**Source records**
-*-*-
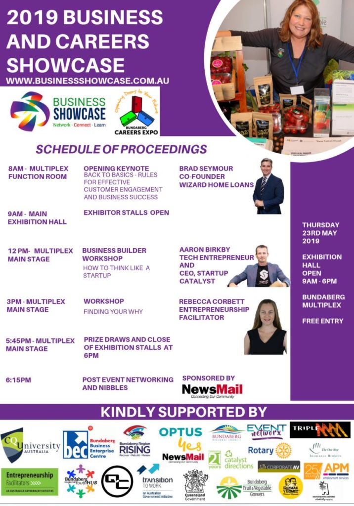 Local businesses are being encouraged to come along to this year’s new-look Business and Careers Showcase being held at the Bundaberg Multiplex on Thursday.
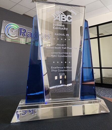 The award was presented at the ABC Excellence in Construction Gala held at the Indiana Roof Ballroom in Indianapolis Sept. 25. MAC shared the award with Radius Indiana, trail developer, and the engineering and design team at Clark Dietz.
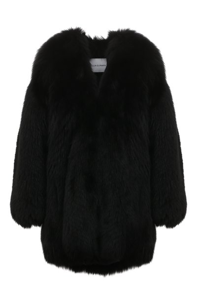 Укороченная шуба из арктической лисы окутывает тело мягкостью и приятным теплом. У этого меха очень длинная шелковистая ость и густая подпушь, которая способна согревать даже в суровые морозы. Пышная фактура создает иллюзию, что V-образный вырез обрамлен лацканами, а угольно-черный цвет помогает ярче проявить блеск материала. Модель прямого кроя застегивается потайными крючками.
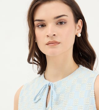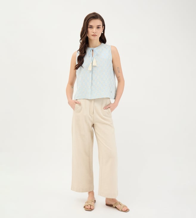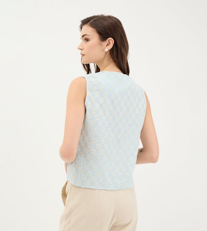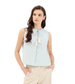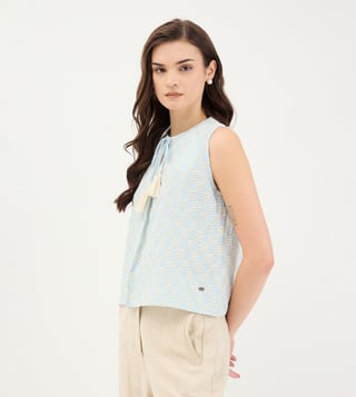 Discover effortless style with our blue sleeveless top, featuring a relaxed embroidered pattern that adds a touch of elegance to your wardrobe. Crafted from high-quality polyester fabric, this top ensures comfort and durability for all-day wear. The tie-ups neck and closure offer a customizable fit, allowing you to adjust the neckline to your preference. Perfect for casual outings or a day at the office, this versatile piece pairs beautifully with jeans or skirts. Elevate your fashion game with this chic and timeless addition to your collection.
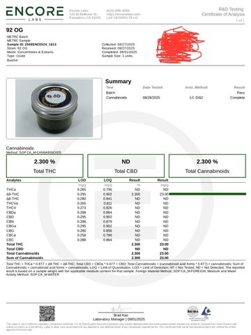 THC results are based on a one fluid oz sample therefore 2,300 x 9,209 mg THC per a 4 fluid oz container
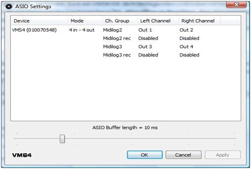 So, habs schnell an meinem Desktoprechner mit der aktuellen 7.0.2 LE (liegt in Deinem Downloadcenter) getestet. Wichtig ist zunächst, das Du die Firmware 3.11 (ww.vms4.eu) drauf hast und die aktuellsten ASIO-Treiber (www.vms4.eu). Den Asiotreiber wie folgt einstellen:
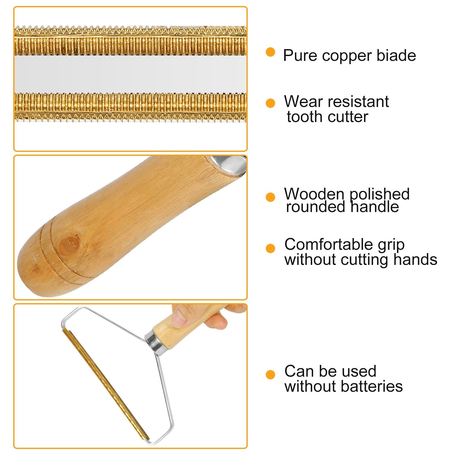 **[Premium Material]*:Manual Clothes Fuzz Shaver is made of pure copper; to ensure a long service time. Adopted with beech handle which is very durability and environmental protection.
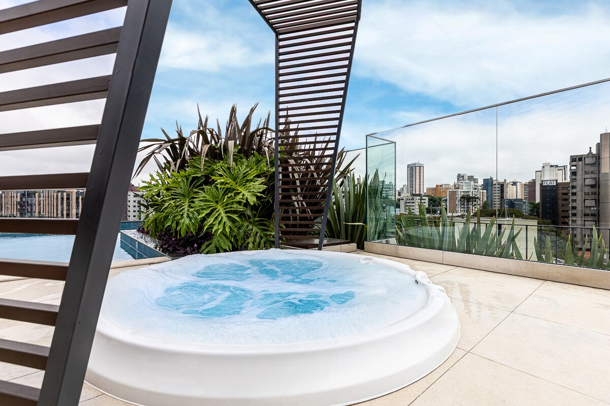 Zatočišče v višavah: udobje, prefinjenost in dih jemajoč razgled. Bivajte v 31. nadstropju stavbe 7 in uživajte v nepozabnem panoramskem razgledu na Curitibo. Stanovanje ima visok standard dekorja, z vsemi pripomočki, zakonsko posteljo in privilegijem uživanja v sončnem vzhodu skozi gore. Udobje, brezhibno čiščenje ter posteljnina in kopalna posteljnina so predmeti izjemne predanosti, ki jih dokazujejo vsi gostje. Na voljo je tudi brezplačno parkirno mesto.
-*-*-
**Your instructions**
Return every entry above word for word, and include no images.

**Solution**
 Local businesses are being encouraged to come along to this year’s new-look Business and Careers Showcase being held at the Bundaberg Multiplex on Thursday.
 The award was presented at the ABC Excellence in Construction Gala held at the Indiana Roof Ballroom in Indianapolis Sept. 25. MAC shared the award with Radius Indiana, trail developer, and the engineering and design team at Clark Dietz.
 Укороченная шуба из арктической лисы окутывает тело мягкостью и приятным теплом. У этого меха очень длинная шелковистая ость и густая подпушь, которая способна согревать даже в суровые морозы. Пышная фактура создает иллюзию, что V-образный вырез обрамлен лацканами, а угольно-черный цвет помогает ярче проявить блеск материала. Модель прямого кроя застегивается потайными крючками.
 Discover effortless style with our blue sleeveless top, featuring a relaxed embroidered pattern that adds a touch of elegance to your wardrobe. Crafted from high-quality polyester fabric, this top ensures comfort and durability for all-day wear. The tie-ups neck and closure offer a customizable fit, allowing you to adjust the neckline to your preference. Perfect for casual outings or a day at the office, this versatile piece pairs beautifully with jeans or skirts. Elevate your fashion game with this chic and timeless addition to your collection.
 THC results are based on a one fluid oz sample therefore 2,300 x 9,209 mg THC per a 4 fluid oz container
 So, habs schnell an meinem Desktoprechner mit der aktuellen 7.0.2 LE (liegt in Deinem Downloadcenter) getestet. Wichtig ist zunächst, das Du die Firmware 3.11 (ww.vms4.eu) drauf hast und die aktuellsten ASIO-Treiber (www.vms4.eu). Den Asiotreiber wie folgt einstellen:
 **[Premium Material]*:Manual Clothes Fuzz Shaver is made of pure copper; to ensure a long service time. Adopted with beech handle which is very durability and environmental protection.
 Zatočišče v višavah: udobje, prefinjenost in dih jemajoč razgled. Bivajte v 31. nadstropju stavbe 7 in uživajte v nepozabnem panoramskem razgledu na Curitibo. Stanovanje ima visok standard dekorja, z vsemi pripomočki, zakonsko posteljo in privilegijem uživanja v sončnem vzhodu skozi gore. Udobje, brezhibno čiščenje ter posteljnina in kopalna posteljnina so predmeti izjemne predanosti, ki jih dokazujejo vsi gostje. Na voljo je tudi brezplačno parkirno mesto.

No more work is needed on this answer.